Privacy Awareness and Training

By Caitlin Gruenberg, Risk & Security Analyst

In the last few years there have been many changes and enhancements for businesses and consumers regarding privacy awareness and data protection.

What does this mean?

This means that businesses need to educate their employees and their consumers about privacy and data protection, in addition to how these regulations impact them.

While there are similarities between security awareness training and privacy awareness training, privacy awareness training is its own beast. In the United States, privacy awareness training content may vary by state, industry, or organization, depending on where they do business and what they collect.

All training should be applicable to the business, but let’s take a look at what privacy awareness and training should look like for businesses and consumers.

Business Privacy Awareness Training

1. Start With “Why”

First, it’s important when training employees on any subject to start with the “why.” Provide information on the threats to personal data and recent breaches to show the value and importance of protecting personal information.

2. Talk About Personal Information Types

Second, talk about the different types of personal information. Inform employees on the types of personal information that the business collects and who should and should not have access. This training may be role-based as not all employees have access to personal information, but all employees should know what to do if personal data falls into their hands.

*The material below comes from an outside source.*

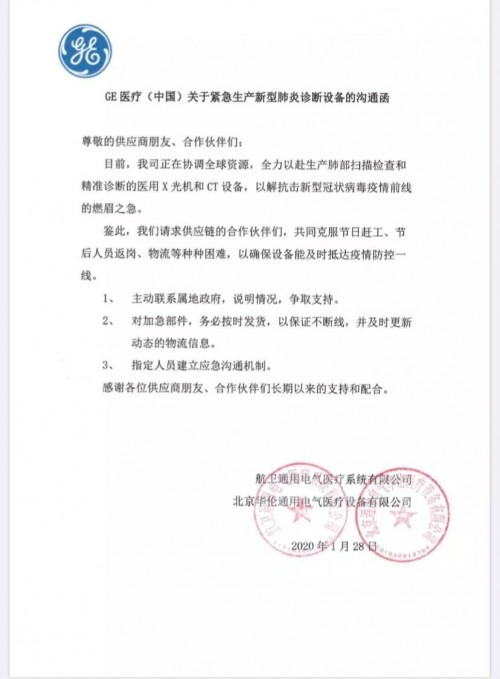 航卫通用电气医疗系统有限公司是震旦多年统购客户,这次GE医疗协调全球资源,全力以赴生产肺部扫描相关设备,以支持抗击新型冠状病毒疫情前线。震旦家具作为医疗家具产品专业品牌,有责任和义务为抗击疫情贡献一份力!

3. Educate On Privacy Regulations

Third, educate employees on privacy regulations or privacy aspects of regulations, that impact the business. For financial institutions, educate on The Gramm-Leach-Bliley Act and for businesses who collect information on California residents, educate on the impending CCPA.

4. Discuss Company Policies and Best Practices

Fourth, provide training on the company’s policies and best practices for handling personal information, such as how to encrypt files and “clean desk” practices.

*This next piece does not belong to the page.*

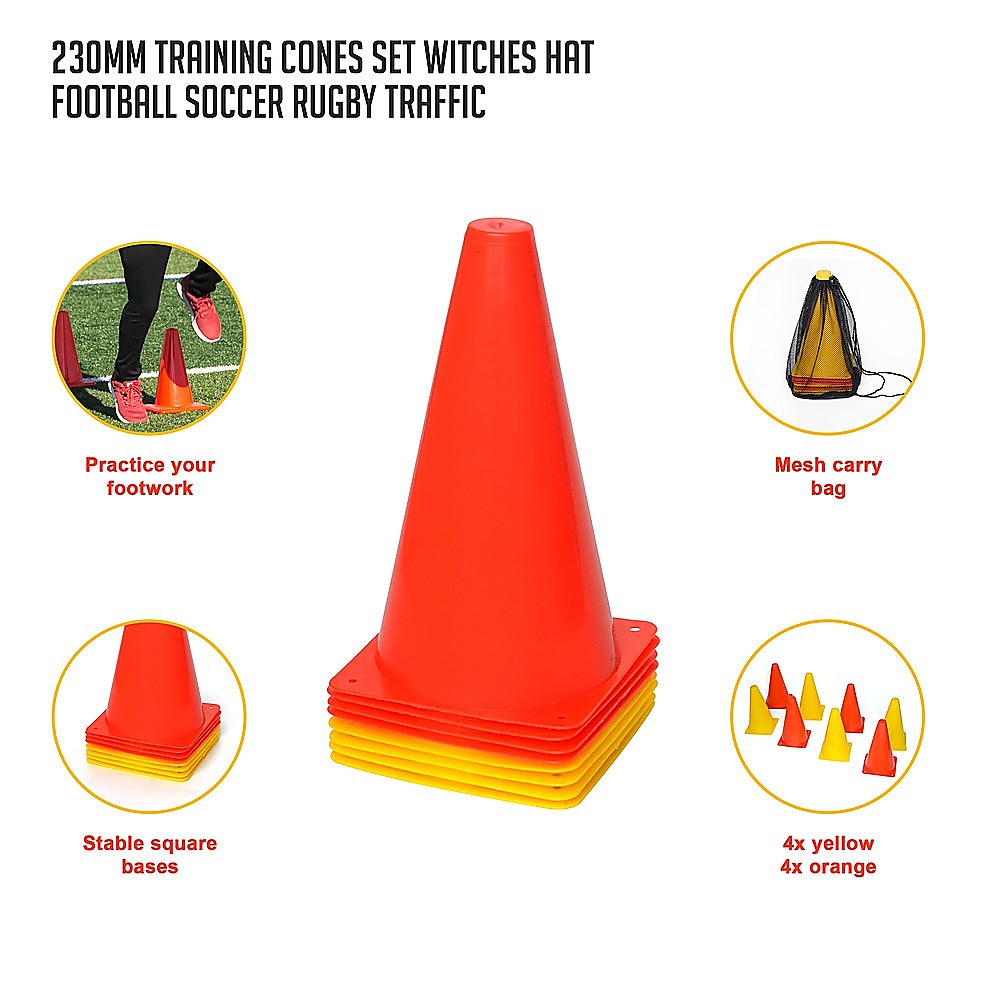 Training for rugby or football is a breeze with these 230-millimetre training cones from Randy & Travis Machinery. This eight-cone set allows you to run patterns, practice footwork, or weave in and out of the cones to hone your agility.

5. Create A Step-By-Step Process

Lastly, provide a step-by-step process on what to do if an employee feels personal data has been mis-handled and a potential incident has occurred. In this step, it’s important to find a balance between making an employee feel comfortable enough to report a potential incident and fear of being disciplined.

Related: CCPA and GDPR Compliance for IT Systems

Consumer Privacy Awareness

Some privacy and data protection regulations require organizations to provide privacy and data protection information resources on their consumer-facing websites. Other resources are optional but can provide consumers with a positive experience by knowing that their personal information is safe from exposure and breaches.

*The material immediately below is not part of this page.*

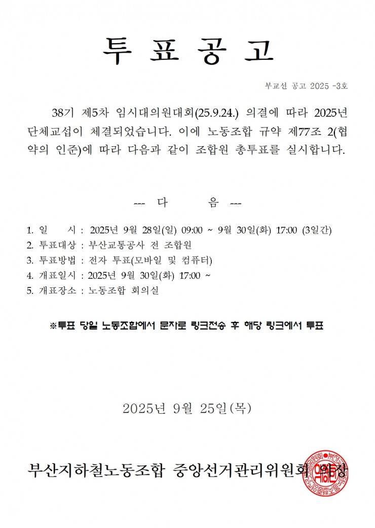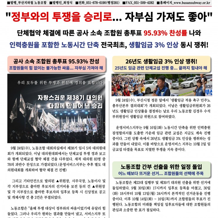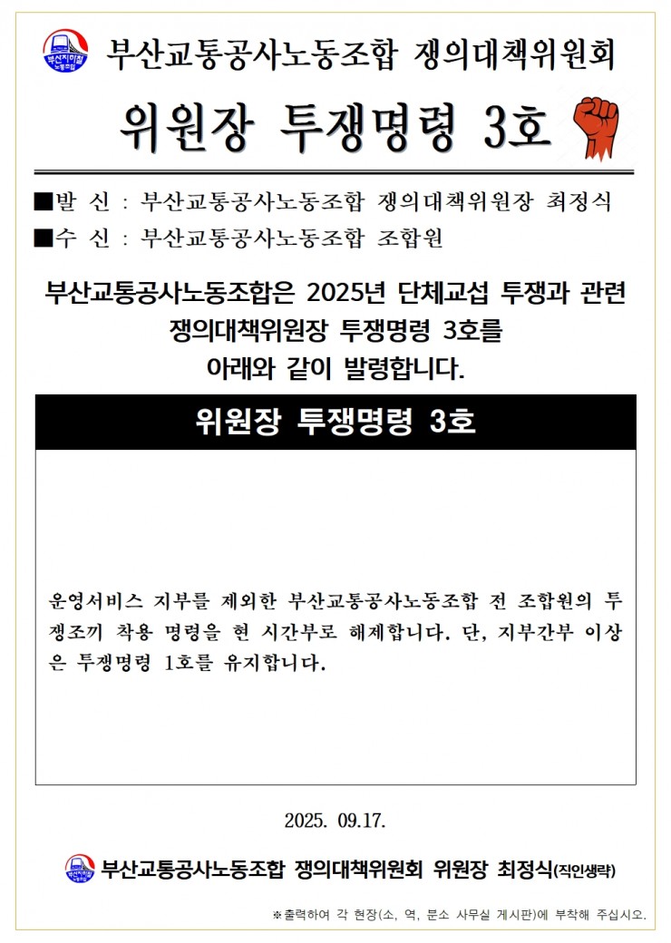 7월 3일(목), 10시 30분 부산시청 앞 광장에서 '2025년 단체교섭 승리를 위한 조합원 결의대회'를 진행하였다.폭염의 고통 속에서도 약 1000여 명의 조합원들이 모여 강인한 의지와 결의를 부산시와 사측에 보여주었다. 합의사항 이행을 …

A privacy policy on an organization’s website should be easily accessible and understandable.  This policy should be written in plain language and located in a clear position on the website. These are just two (of many) of the GDPR requirements for organizational privacy policies.

Related: 6 Security Controls You Need For General Data Protection Regulation (GDPR)

Other resources that may not be required by regulation may help customers understand their privacy rights or further understand the privacy policy. This can be accomplished through informational videos or blogs about privacy, personal data, data protection, breaches, etc.

Even using a “Frequently Asked Questions” section on a website to dissect the privacy policy may provide consumers with a different platform to receive privacy information.

Consumer privacy awareness can be difficult, as the consumer must be willing and want to learn. However, by making privacy documentation publicly available, organizations can improve trust and consumer confidence.

Do You Have a Security Awareness and Privacy Training Program?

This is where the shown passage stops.